Problem statement —
Please repeat the records beneath this task exactly as they appear, but skip the images.

___ Data section ___

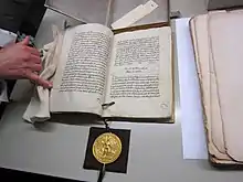 Finalement le jour de Noël, le 25 décembre 1356, durant un splendide banquet sur le Champ-à-Seille, actuellement la place Coislin à Metz[7], cette loi de la Bulle d’or fut officiellement et solennellement proclamé par l’empereur Charles IV. Le texte entra de suite en vigueur et le déroulement cérémoniel, tel que stipulé dans ce document, fut pratiqué pour la première fois sur place[8].
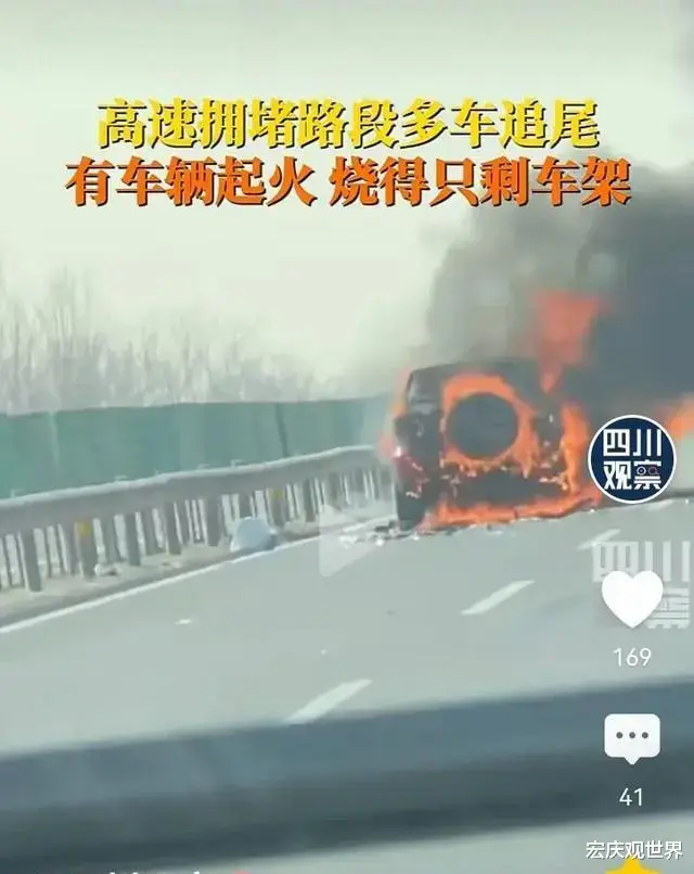 这两辆车停在路中间,后面的车根本来不及反应,一辆接着一辆又撞了上来。现场一下子乱成了一锅粥,尖叫声、喇叭声、哭喊声混成一片。更糟糕的是,旁边还有辆车也被大火给吞没了。火势越来越大,几辆车很快就被烧成了铁架子,黑黢黢的,看着就让人揪心。
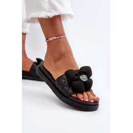 Dámské pantofle se zdobením na nízké platformě, černá cedrella
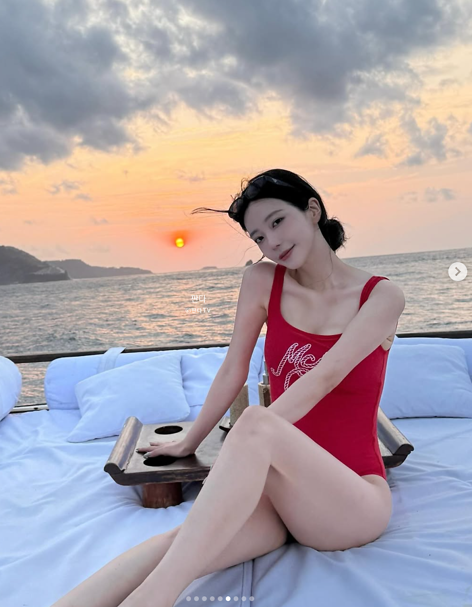 강렬한 레드 톤이 돋보이는 '데이즈데이즈'의 스트링 비키니를 선택해 잘록한 허리 라인을 더욱 강조하셨더라고요.
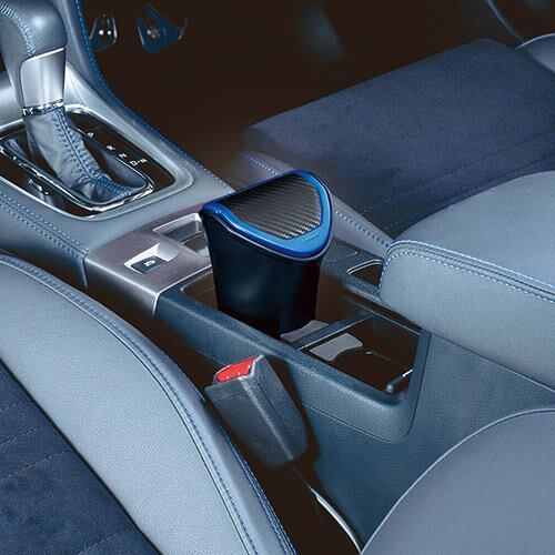 ●カーボン調+アクセントカラ-デザイン、ドアポケットに納まるボトルタイプダストパック
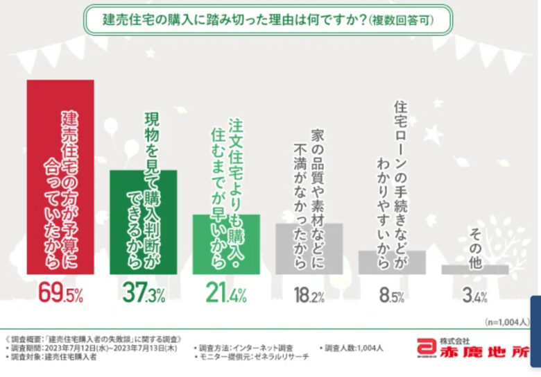 1位は『建売住宅の方が予算に合っていたから』2位は、『現物を見て購入判断ができるから』という結果。
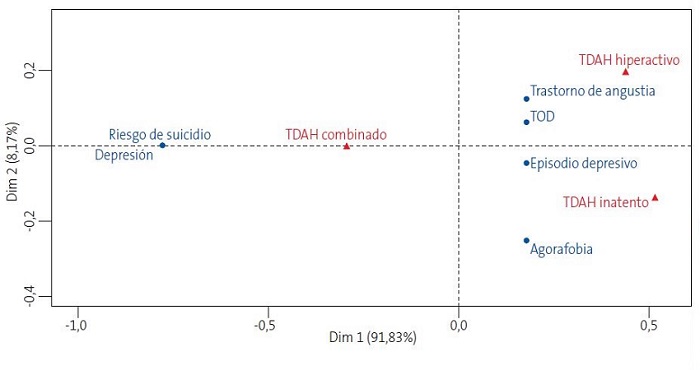 Como se puede observar, las comorbilidades asociadas al subtipo hiperactivo fueron trastorno de angustia y trastorno oposicionista desafiante, mientras que el inatento estuvo relacionado espacialmente con los episodios depresivos y la agorafobia. Es de notar que el subtipo combinado estuvo en la mitad del eje de dispersión, indicando la evidente combinación de los otros dos subtipos (hiperactivo e inatento), en estos pacientes se puede observar que la depresión va de la mano con el riesgo suicida.
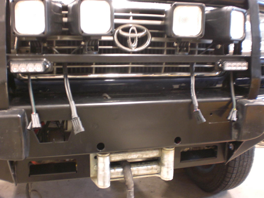 Ja kaikki laitteet mitä puskuriin kiinnittyy tulee liittimillä, jottei tarvi enää katkoa joka kerta johtoja ja liitellä uudestaan, ite puskurihan tulee nokkaa kiinni 3x12mm pultilla/puoli noihin runkoaisan päihin hitsattuihin 10mm lappuihin. |
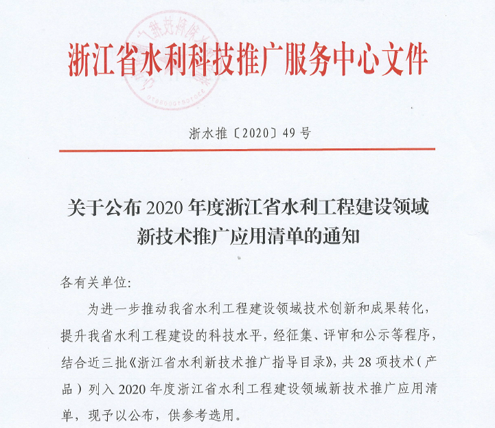 2020年11月26日,浙江省水利科技推廣服務中心公開發(fā)布《關于公布2020年度浙江省水利工程建設領域新技術(shù)推廣應用清單的通知》。通知顯示: 為進一步推動浙江省水利工程建設領域技術(shù)創(chuàng)新和成果轉(zhuǎn)化,提升水利工程建設的科技水平,經(jīng)征集、評審和公示等程序,結(jié)合近三批《浙江省水利新技術(shù)推廣指導目錄》,由浙江...

___

Answer space —
 Finalement le jour de Noël, le 25 décembre 1356, durant un splendide banquet sur le Champ-à-Seille, actuellement la place Coislin à Metz[7], cette loi de la Bulle d’or fut officiellement et solennellement proclamé par l’empereur Charles IV. Le texte entra de suite en vigueur et le déroulement cérémoniel, tel que stipulé dans ce document, fut pratiqué pour la première fois sur place[8].
 这两辆车停在路中间,后面的车根本来不及反应,一辆接着一辆又撞了上来。现场一下子乱成了一锅粥,尖叫声、喇叭声、哭喊声混成一片。更糟糕的是,旁边还有辆车也被大火给吞没了。火势越来越大,几辆车很快就被烧成了铁架子,黑黢黢的,看着就让人揪心。
 Dámské pantofle se zdobením na nízké platformě, černá cedrella
 강렬한 레드 톤이 돋보이는 '데이즈데이즈'의 스트링 비키니를 선택해 잘록한 허리 라인을 더욱 강조하셨더라고요.
 ●カーボン調+アクセントカラ-デザイン、ドアポケットに納まるボトルタイプダストパック
 1位は『建売住宅の方が予算に合っていたから』2位は、『現物を見て購入判断ができるから』という結果。
 Como se puede observar, las comorbilidades asociadas al subtipo hiperactivo fueron trastorno de angustia y trastorno oposicionista desafiante, mientras que el inatento estuvo relacionado espacialmente con los episodios depresivos y la agorafobia. Es de notar que el subtipo combinado estuvo en la mitad del eje de dispersión, indicando la evidente combinación de los otros dos subtipos (hiperactivo e inatento), en estos pacientes se puede observar que la depresión va de la mano con el riesgo suicida.
 Ja kaikki laitteet mitä puskuriin kiinnittyy tulee liittimillä, jottei tarvi enää katkoa joka kerta johtoja ja liitellä uudestaan, ite puskurihan tulee nokkaa kiinni 3x12mm pultilla/puoli noihin runkoaisan päihin hitsattuihin 10mm lappuihin. |
 2020年11月26日,浙江省水利科技推廣服務中心公開發(fā)布《關于公布2020年度浙江省水利工程建設領域新技術(shù)推廣應用清單的通知》。通知顯示: 為進一步推動浙江省水利工程建設領域技術(shù)創(chuàng)新和成果轉(zhuǎn)化,提升水利工程建設的科技水平,經(jīng)征集、評審和公示等程序,結(jié)合近三批《浙江省水利新技術(shù)推廣指導目錄》,由浙江...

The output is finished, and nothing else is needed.